Faculty-Emeritus, Electrical and Computer Engineering


Neural networks, goal-directed AI, optical system design, computervision

Professor Guest is a researcher of artificially intelligent systems, fiber-optic communications, and computervision. Much work in AI aims at duplicating subliminal human processing, including speech and facial recognition. In this domain, Guest is working with a graduate student to develop a Chinese speech-recognition system. But another of Guest's interests is goal-directed artificially intelligent systems handling challenges to which humans must consciously apply analytical skill. A test case is an engine for playing strategic games. Such a model would be more efficient than existing machines that use brute-force parsing of all available options.

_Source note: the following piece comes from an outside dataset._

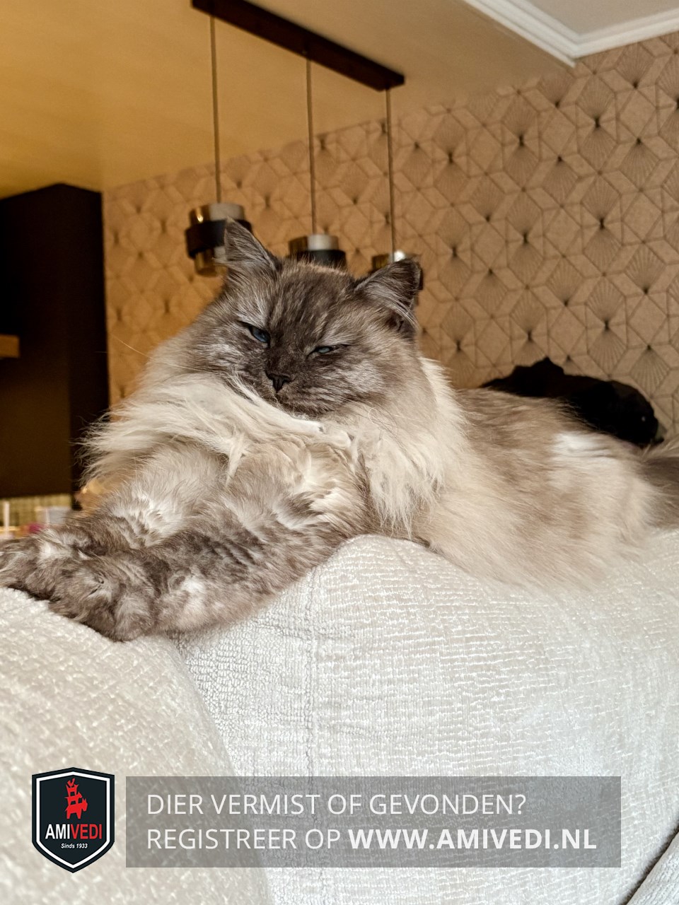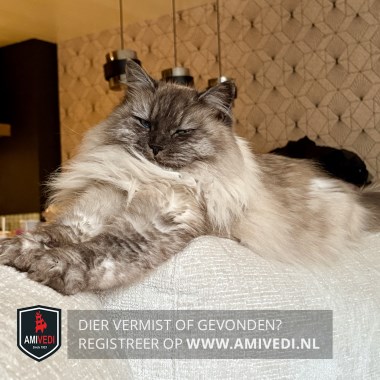 | Signalement | Beige/wit/grijs. Langharig. Grijs op de neus en bles. Lichte (witte) langharige bef. Lichaam beige-wit gemêleerd. Voorpoten grijs gemêleerd. |

In addition to military planning, a goal-directed AI model could assist humans in many fields, including business decision-makers. Guest's group developed the CAN neural network algorithm, which was orders of magnitude faster than the then prevalent back-propagation method. Guest also is an optical device expert, and his focus is on interconnect technology. Optics for this application is gaining new attention because of light's speed, low power, and other advantages that are at a premium at a time when computer-system architects are finding it increasingly difficult to power, cool, communicate, and operate devices running at ever higher clock rates. Guest's group was the first to provide a practical demonstration of the superiority of optical interconnections and was a leading developer of simulated annealing in the design of computer-generated holograms. Guest's work in computervision has been applied commercially to difficult production-line inspection tasks. In 1994, his group was the first to successfully apply the Neocognitron vision model to grayscale images and binocular depth perception.

Capsule Bio:
Clark C. Guest joined the UCSD faculty in 1984. At the Jacobs School he runs the Optical Data Processing and Communications Group. He is undergraduate faculty mentor for the Continuous Observation & Remote sensing AUAV eXperiment, or CORAX, a CalSpace project aimed at enabling students to conduct low-cost space research. He is also involved in planning of the Autonomous Model Yacht Race. AMYR is a competitive race to Tahiti and back for self-guided, self propelled model yachts. He received his Ph.D. from the Georgia Institute of Technology in 1983.